SELECT email FROM newsletter.csv
INTERSECT
SELECT email FROM customers.csv

-- EXCEPT: Return rows from first query that are NOT in second query
SELECT email FROM all_users.csv
EXCEPT
SELECT email FROM inactive_users.csv

-- Chaining multiple set operations
SELECT id FROM table_a.csv
UNION
SELECT id FROM table_b.csv
INTERSECT
SELECT id FROM table_c.csv

-- Set operations with WHERE clauses
SELECT name FROM users.csv WHERE age < 30
UNION
SELECT name FROM users.csv WHERE role = 'admin'

Set Operation Rules:

  • Both queries must have the same number of columns
  • Column names come from the first query
  • UNION removes duplicates, UNION ALL keeps all rows
  • INTERSECT returns common rows (duplicates removed)
  • EXCEPT returns rows in first but not second (duplicates removed)
  • Operations can be chained: (A UNION B) INTERSECT C

Joins - Combine Multiple Tables

-- INNER JOIN
SELECT t1.name, t2.email 
FROM users.csv AS t1 
INNER JOIN emails.csv AS t2 ON t1.id = t2.user_id

-- LEFT JOIN
SELECT t1.name, t2.phone 
FROM users.csv AS t1 
LEFT JOIN contacts.csv AS t2 ON t1.id = t2.id

-- FULL JOIN
SELECT * FROM table1.csv FULL JOIN table2.csv ON table1.id = table2.id

Subqueries

-- Subquery in FROM (derived table)
SELECT * FROM (SELECT name, age FROM users.csv WHERE age > 25) AS sub

-- Subquery in WHERE with IN
SELECT name FROM users.csv WHERE role IN (SELECT role FROM admins.csv)

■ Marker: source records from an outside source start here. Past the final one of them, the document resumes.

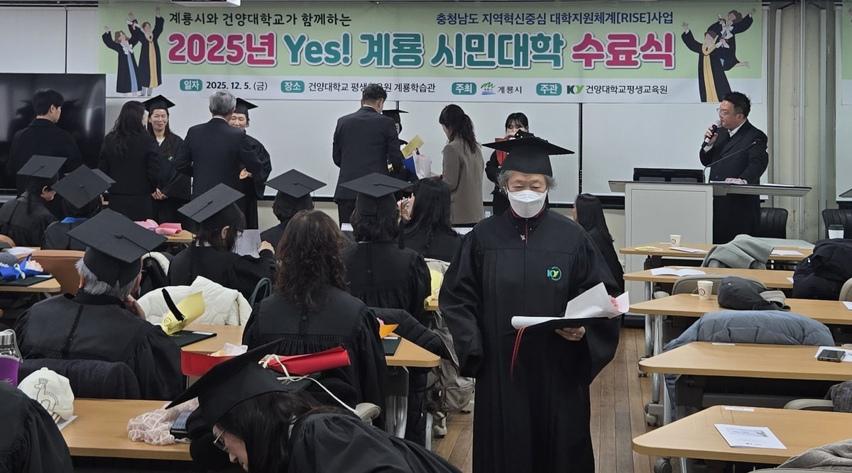 [충청25시] 계룡시는 지난 5일 건양대와 충청남도 지역혁신중심 대학지원체계사업의 일환으로 운영한, ‘2025년도 Yes! 계룡 시민대학 수료식’을 건양대 평생교육원에서 성황리에 개최했다고 밝혔다.
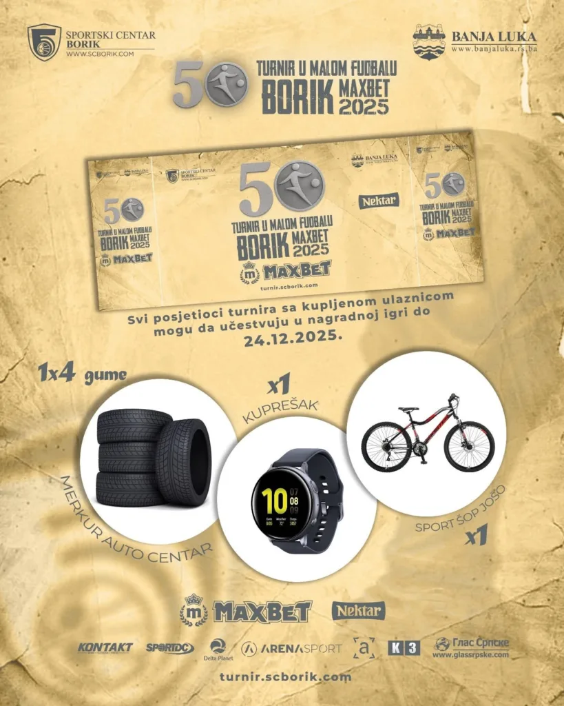 Danas 24. decembra u dvorani “Borik” biće održano 50. finale turnira u malom fudbalu “Borik MaxBet”.
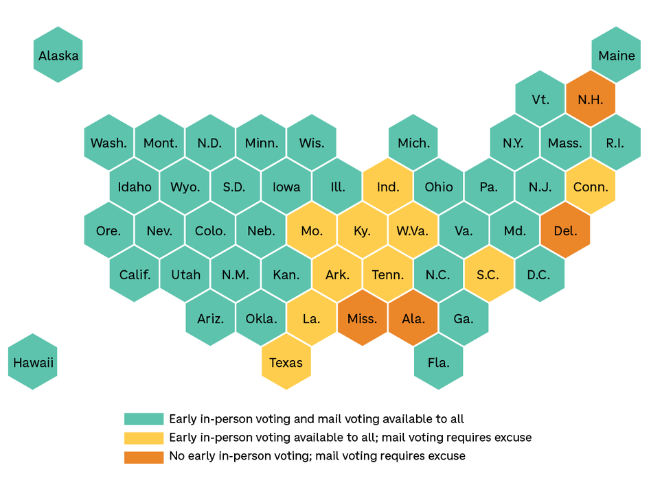 But perhaps the more striking trend is geographical. States in the Western United States have offered some form of early voting and mail-in voting to all voters since 2004, according to the data. And those states span the political spectrum, from conservative Idaho to liberal California.
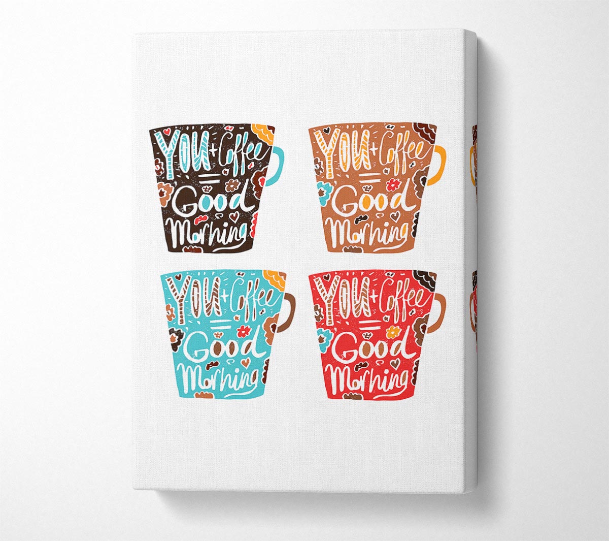 You Coffee Good Morning Canvas Print handmade in the UK. Stretched over a 2 inch thick wooden box frame, ready to hang on your wall.
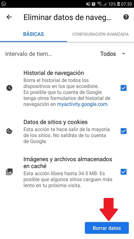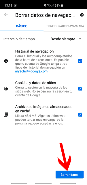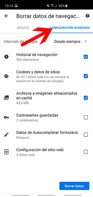 6. En Configuración avanzada tienes más opciones de borrado de datos.
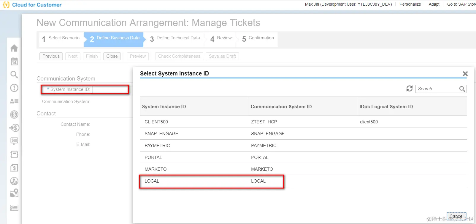 基于Manage Tickets这个标准的Communication Scenario创建一个Communication Arrangement:
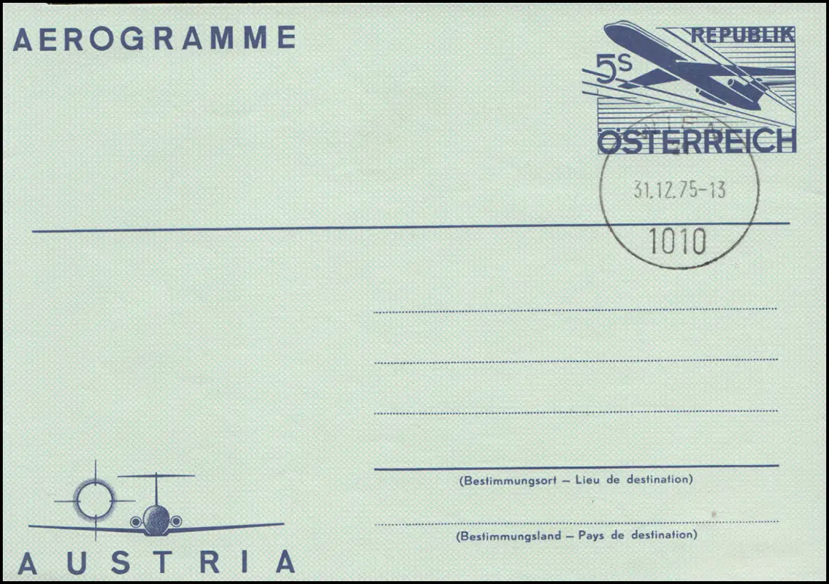 Autriche Aerogrammes LF 16 avec cachet de faveur 1010 WIENNE 31.12.1975
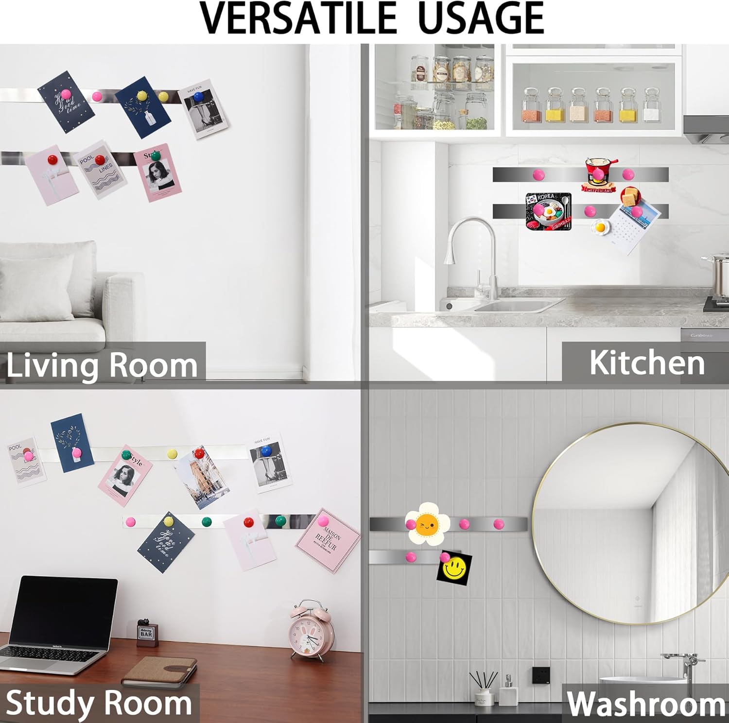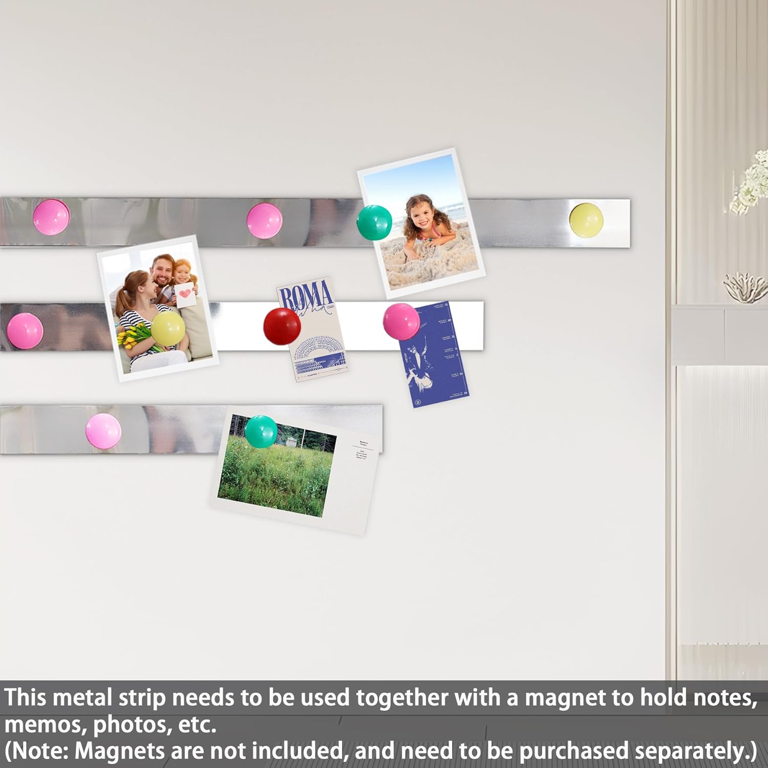 - Easy to Use: Just cut, peel and stick, simple operation is easy to get started. Then you can use a dot magnet and stick the memos or notes to the metal strip for easy viewing and use. This allows labels to be attached to non metallic surfaces, likes the wall
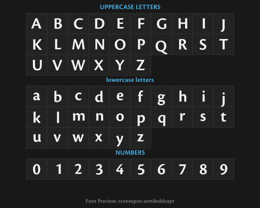 cronospro-semiboldcapt is a font file with a size of 0.11 MB. The full font name is CronosPro-SemiboldCapt, OTF 1.008;PS 001.000;Core 1.0.31;makeotf.lib1.4.1585 version. It contains 928 characters, supports 8 Chinese characters. The copyright belongs to Cronos Pro Light Caption. cronospro-semiboldcapt font is available for free download, but commercial use requires confirmation on the Cronos Pro Light Caption official website whether it's free for commercial use.
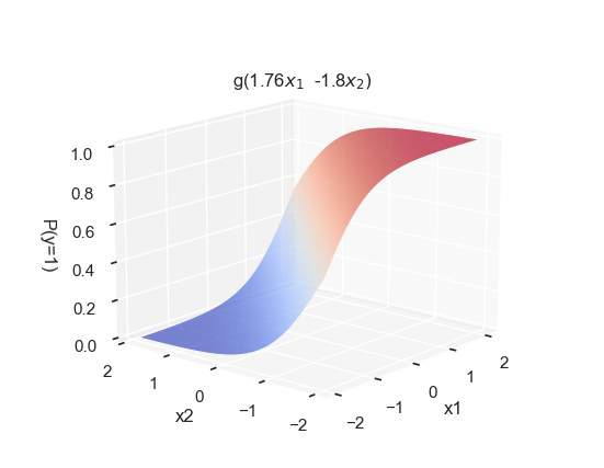 Z = 1 / (1 + np.exp(-(log_fit.intercept_[0] + log_fit.coef_[0,0]*X1 + log_fit.coef_[0,1]*X2)))
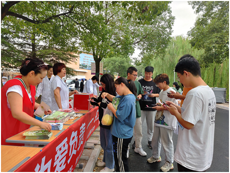 在活动中,学校邀请了湖州市妇保院的医生为学生义诊,医生们为同学进行现场答疑解惑,分享和解读科学、正确的生殖健康知识。环渚街道计生协的工作人员也应邀来到活动现场,为同学们发放科普宣传品,通过有奖问答等形式,一起为我们的活动加油助力。在本次活动中,总共发放了700余份科普宣传单,吸引千余名同学参与。
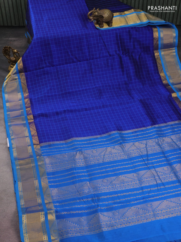 10 yards silk cotton saree blue and cs blue with allover checked pattern and zari woven border
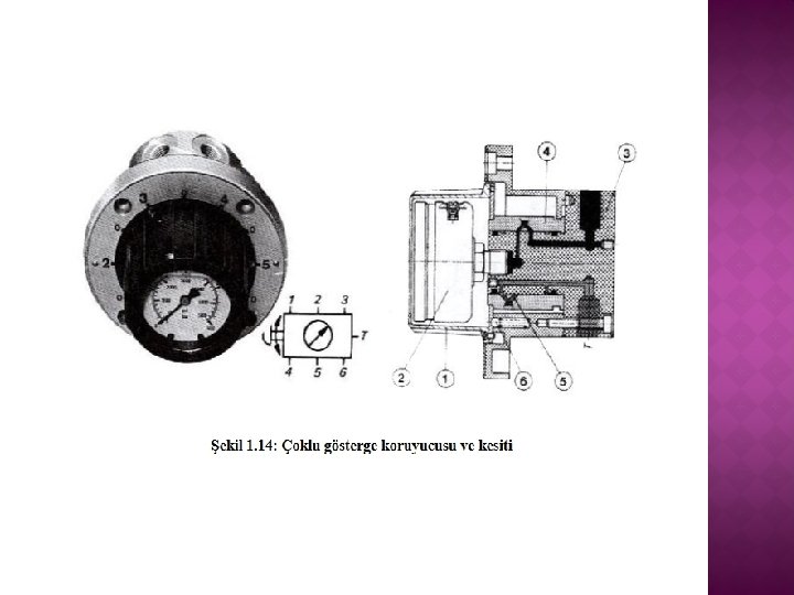 � Basınçölçer koruma valfi aslında 3 yollu düğme, uyarılı bir sürgülü valftır. Basınçölçerin sürekli basınç altında kalmamasını, basıncın istendiği zaman okunmasını sağlar. Valfin iki konumu vardır. Sıfır konumunda yay (1)ile itme sürgüsü (2) basınç deliğini kapar, basınçölçeri depoya bağlar. Çalışma konumunda ise basınçlı yağ basınçölçere giderken depo ile bağlantı kesilir. Basınçölçer doğrudan gövdeye veya dışarıda bir yere bağlanabilir

-- Scalar subquery in SELECT
SELECT name, (SELECT MAX(age) FROM users.csv) AS max_age FROM users.csv

-- Correlated subquery
SELECT name, age FROM users.csv AS t1 
WHERE age > (SELECT AVG(age) FROM users.csv WHERE role = t1.role)

GROUP BY with HAVING

SELECT role, COUNT(*) AS cnt, AVG(age) AS avg_age
FROM users.csv
GROUP BY role
HAVING COUNT(*) > 5 AND AVG(age) > 30
ORDER BY cnt DESC

Window Functions

Window functions perform calculations across a set of rows that are related to the current row. Unlike aggregate functions with GROUP BY, window functions retain all rows in the result.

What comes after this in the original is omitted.